Wuchen read the fragment in the smallest space he could claim.

Not his mat alcove. Too close to Wei's footsteps.

Not the outer dorm. Too many eyes.

He sat behind the storage shed where old lantern oil was kept, where the smell of stale fat covered the smell of paper and made most servants avoid it. He held the stitched booklet close to the lamp flame and read until the characters blurred.

It wasn't a grand method.

No soaring names. No talk of heaven.

It was a cheap breathing patch meant for people with weak channels and leaky Origin.

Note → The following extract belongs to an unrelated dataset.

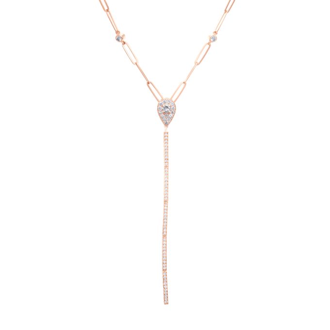 Our best seller necklace. This 2 in 1 necklace can be worn as a single pear illusion shape goutte on a paper clip chain. Or can be worn as a long diamond drip connected to to the paper clip chain. The diamond drip is very easy to attach and de- attach. Suitable for day and night.
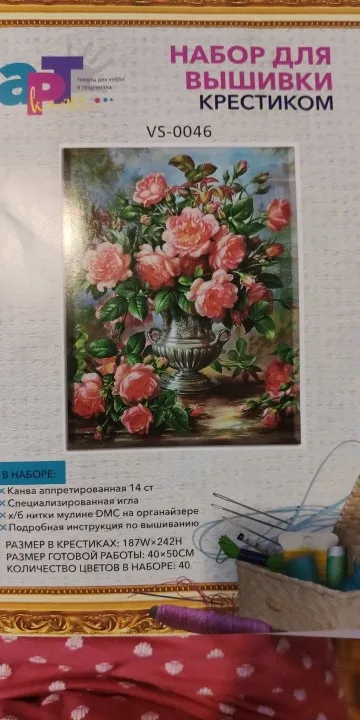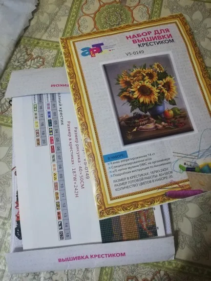 Мама довольна тем что пришло на удивление оч быстро, а то все остальное все уже вышила и сидела без дела. Все в комплекте есть. Качество хорошее

That was why it was useful.

It taught only three things: how to stack the breath, how to seal the tongue and throat to stop qi from rising too fast, and how to "pin" the lower abdomen with a tiny tension that wasn't clenching, more like holding back a cough.

Hold back a cough.

Wuchen understood that.

He had held back screams.

He had held back hunger.

He had held back the urge to run before a man decided to chase him.

So he practiced.

Spine straight.

Tongue pressed.

Inhale in three small layers instead of one long pull.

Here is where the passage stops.